Mayorkas asked for border chief Chris Magnus’ resignation; he refused

Homeland Security Secretary Alejandro Mayorkas asked Customs and Border Protection Commissioner Chris Magnus to resign this week but he refused, according to news reports.

Mr. Magnus told The Los Angeles Times that he was told Wednesday to leave or he would be fired. He refused to resign.

“I expressed to him that I felt there was no justification for me to resign when I still cared deeply about the work I was doing and felt that that work was focused on the things I was hired to do in the first place,” Mr. Magnus told the newspaper.

CBP oversees the country’s borders and has seen record levels of chaos along the boundary with Mexico. It began at the start of the Biden administration, or well before Mr. Magnus was installed as commissioner last December.

But the numbers continued to spiral out of control on Mr. Magnus’s watch.

Border Patrol agents and Republicans on Capitol Hill blame Mr. Mayorkas. Indeed, if the GOP takes control of the House there will likely be an effort to impeach the secretary.

CBP recorded nearly 2.4 million encounters with unauthorized migrants in fiscal year 2022.

Mr. Mayorkas, though, appears to be fingering Mr. Magnus as the hurdle to better borders.

Homeland Security didn’t respond to a request for comment.

Mr. Magnus was chief of police in Tucson, Arizona, before taking the commissioner’s job amid the border chaos last year. The Senate confirmed him to the post on a 50-47 vote.

Border Patrol agents have questioned his leadership because of the ongoing migrant surge. But so have immigrant-rights activists, who say the administration’s recent embrace of Trump-era get-tough policies to combat record illegal activity is a bad step.

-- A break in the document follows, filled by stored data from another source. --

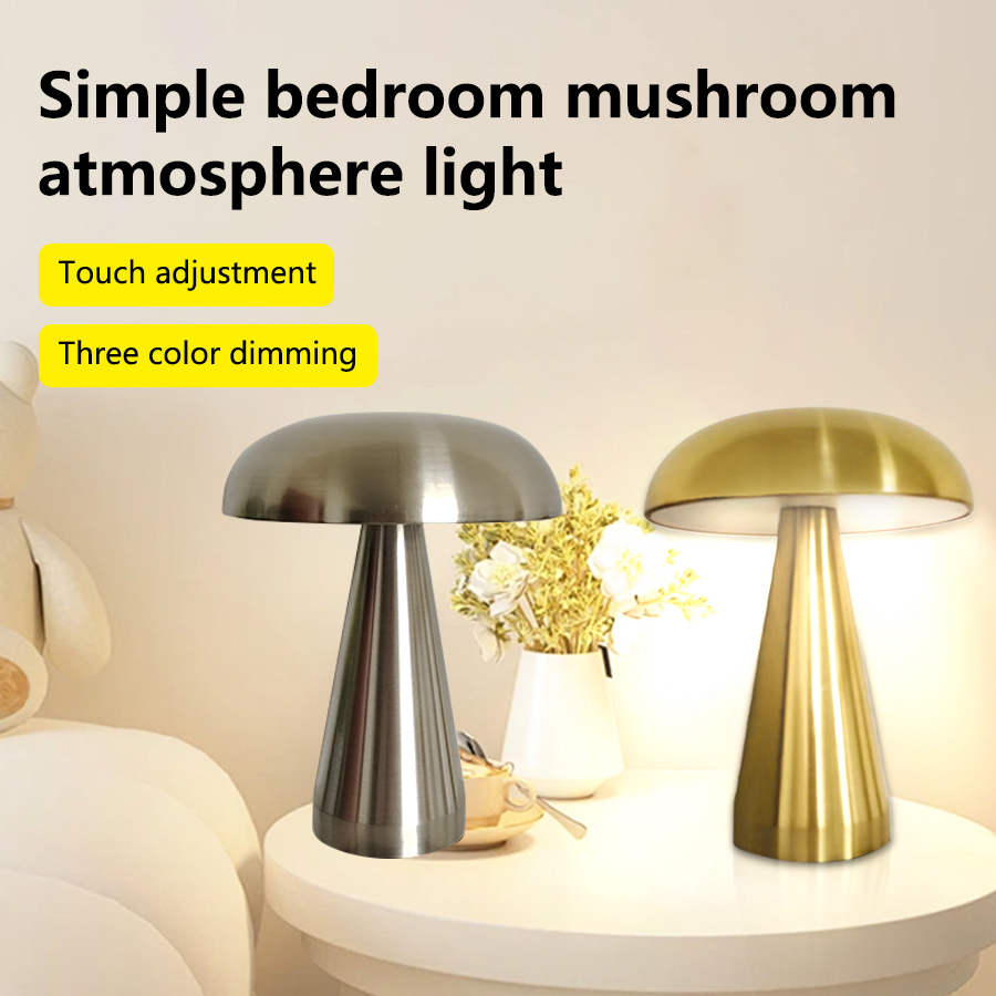 Rechargeable Mushroom Night Light, Dimmable Table Lamp, Warm White Reading Light For Bedroom, Nursery, Desk, Hotel Decor gold
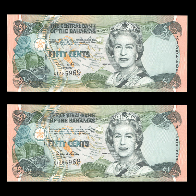 پنجاه سنت باهاماس با پرتره ملکه الیزابت
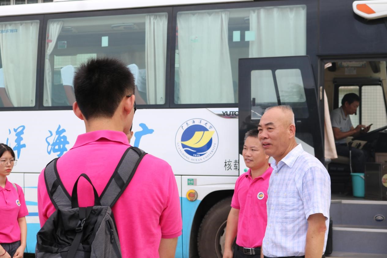 7月17日,海洋与气象公司党委书记陈晓在科技楼前作出发动员讲话。爱的传承队员 李殷楠 摄 在公司党委书记陈晓和指导老师林海峰、廖小霞的带领下,队伍走访了廉江市教育局,并奔赴广东省廉江市雅塘镇百丰山村,开展主题为国家资助·助学贷款政策宣传下乡的社会实践活动。
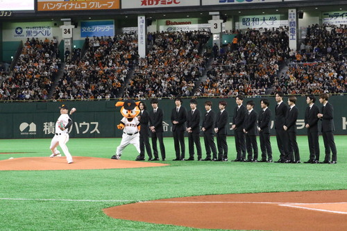 始球式後の取材で関口は、「あまり悔しくはない。」と吐露。ブルペンでは読売巨人軍の菅野智之投手にアドバイスをもらったそうで、 関口さん:メジャーのチームがいるということで、会場の雰囲気がいつもとは全然違う空気感のなか、そのマウンドに立てたことが、本当にありがたかったです。ただマウンドに上がる前に、原監督から「135kmいけるか?」と声をかけていただいて、嬉しくて「140いきます!」と答えたのですが、それでさらに緊張してしまって…。 と、反省ポイントも明かしました。 とにかく今回は、前回の始球式とは空気感がちがったといい、またマウンドで見守った 片寄さん:前回、僕は外から見ているだけだったのですが、今回はマウンドに立って間近でメンディーさんの勇姿を見ることができて、うれしかったです! とコメント。 鈴木さん:メンディーさんの背中がいつもの15倍以上大きく見えました!! と激励し、 佐野さん:マウンドに向かう前に原監督とメンディーくんが会話をしていて、その会話が選手のようだった。 と頼もしい姿をみせた関口を労いました。さらに大学で同級生だった 町田さん:同級生の時はまさか、メンディーが始球式に登板して、その横で自分が応援するという絵は、思い浮かびもしませんでした。本当に誇らしいです。 とコメント。 |
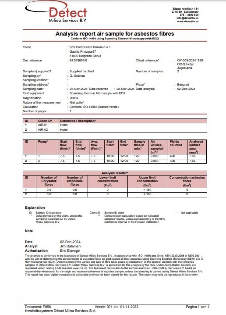 Merenja vazduha sprovedena su 25. novembra 2024. pomoću specijalnih pumpi za uzorkovanje, a laboratorijski rezultati jasno pokazuju odsustvo azbestnih vlakana.
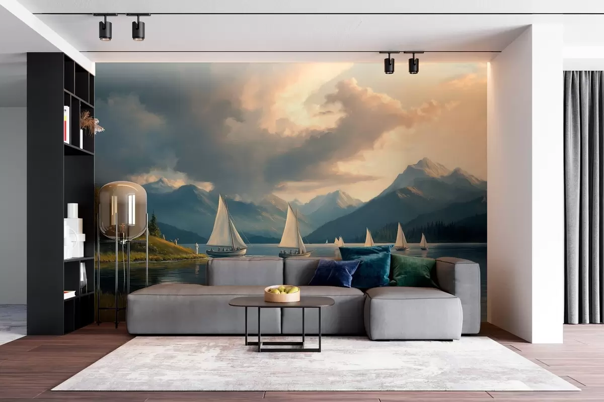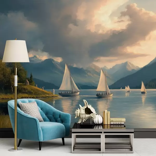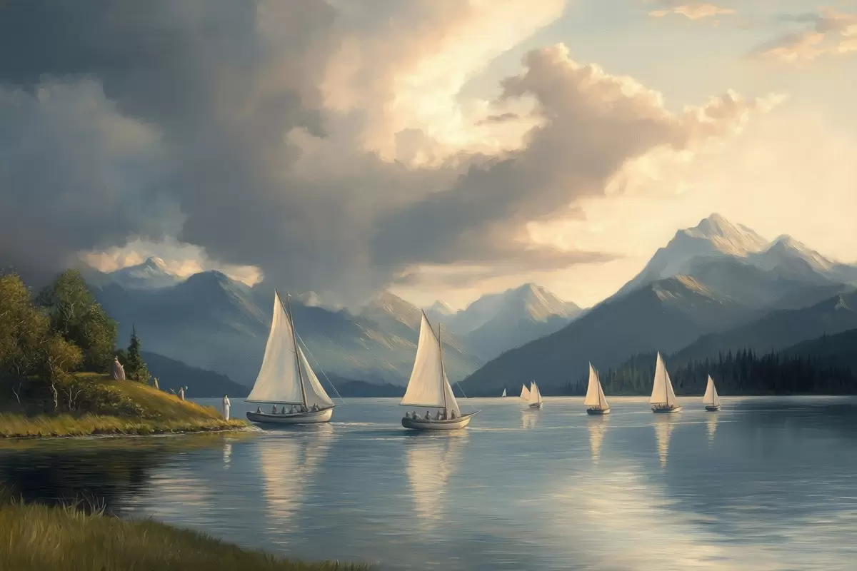 Fototapet regatta på en sjö med molnig himmel i stil med en oljemålning från 1800-talet Nr. w04076
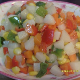 原料:山药、青椒、胡萝卜、甜玉米、红椒、盐、鸡精。
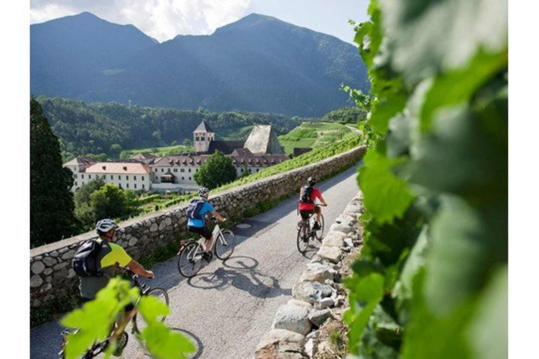 Nach einem Mittagessen geht es gut gestärkt zum zweiten größeren Teilstück der Route. Es führt vorbei an Klausen, dem malerischen Künstlerstädtchen, über dem herrschaftlich das Kloster Säben thront, durch die Talenge des Eisacktals entlang steiler Weinhänge, idyllischer Bauernhöfe und Kastanienhaine in Richtung Landeshauptstadt Bozen. Bei einem erfrischenden Aperitif lässt es sich auf dem Waltherplatz wunderbar entspannen und das Panorama genießen.
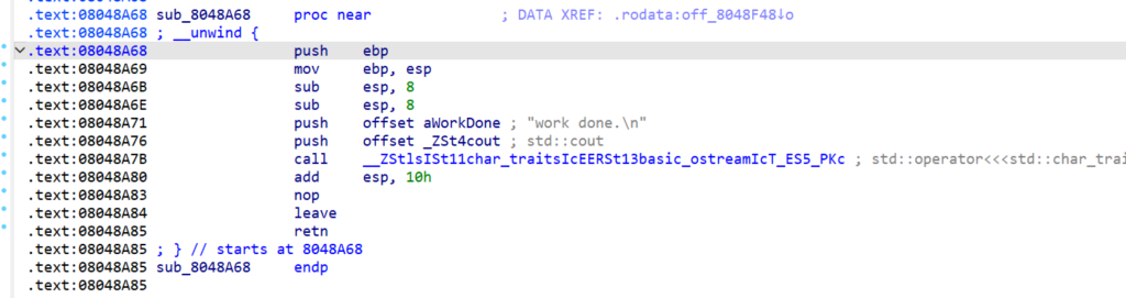 继续跟进,这0x8048a68就是个函数,功能是输出”work done”:
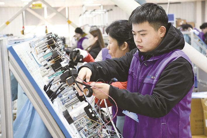 近日,永年工业园区的企业纷纷开足马力忙生产,加紧赶制订单,力争实现新年“开门红”。图为1月5日,在永年工业园区的邯郸永旭汽车电子有限公司,工人在汽车线束生产线上加紧赶制订单产品。通讯员 胡高雷 摄
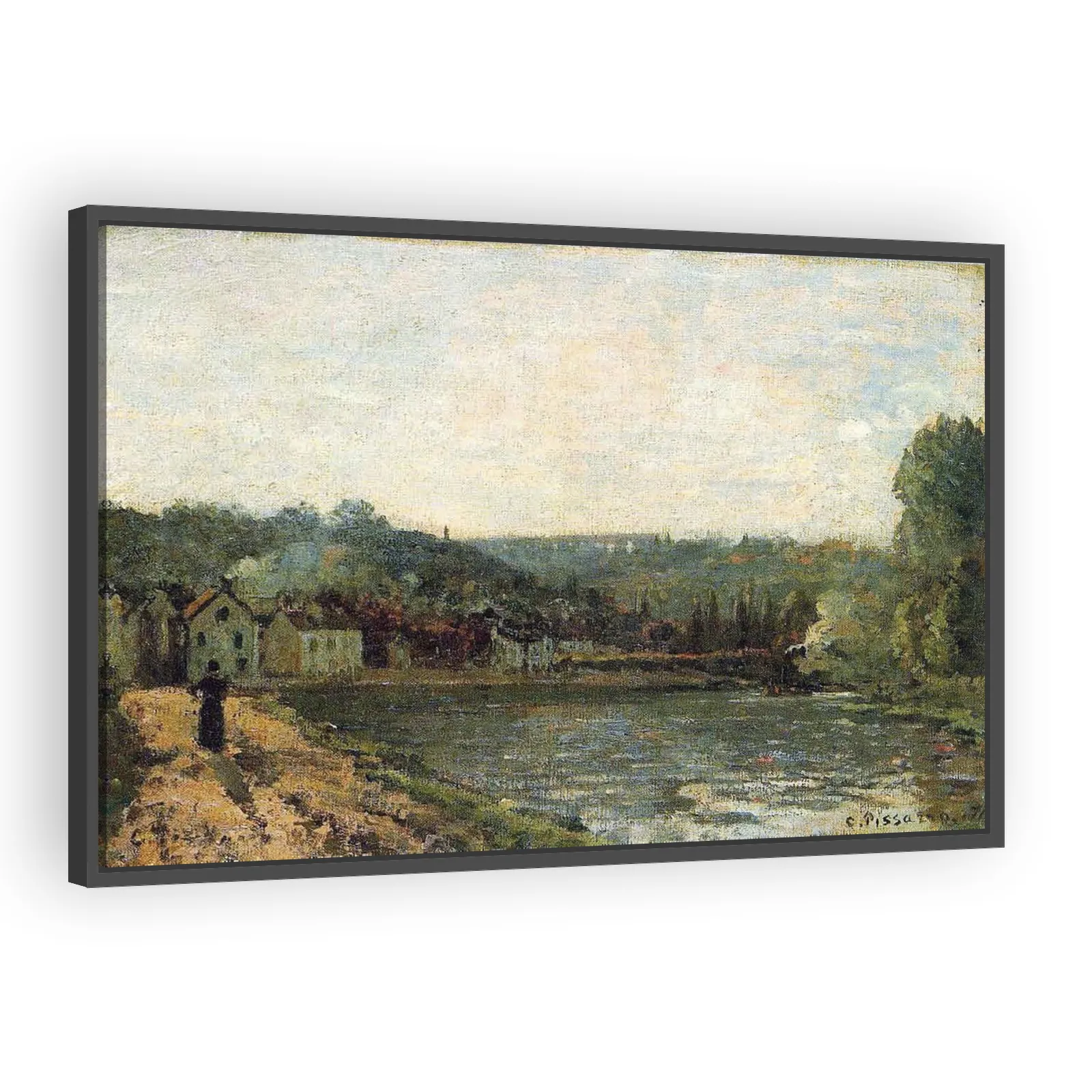 A quietly luminous Impressionist landscape by Camille Pissarro, capturing the Seine at Bougival with luminous atmosphere, loose brushwork, and a modern view of suburban leisure and nature. Ideal for c...

Mr. Mayorkas is slated to appear on Capitol Hill for testimony next week, and the border situation is likely to come up.

Homeland Security has three immigration agencies: CBP, which polices the borders and ports of entry; U.S. Immigration and Customs Enforcement, which handles detention, deportation and interior enforcement; and U.S. Citizenship and Immigration Services, which handles legal immigration.

Getting people to head the agencies has been tricky, given the incendiary politics of immigration on Capitol Hill.

ICE has been without a confirmed director for nearly six years, dating back to the end of the Obama administration. Several picks by President Trump and President Biden have failed to win confirmation in the Senate.

CBP had been without a confirmed commissioner for the last two and a half years of the Trump administration, and most of Mr. Biden’s first year. Getting a replacement for Mr. Magnus could prove nearly impossible.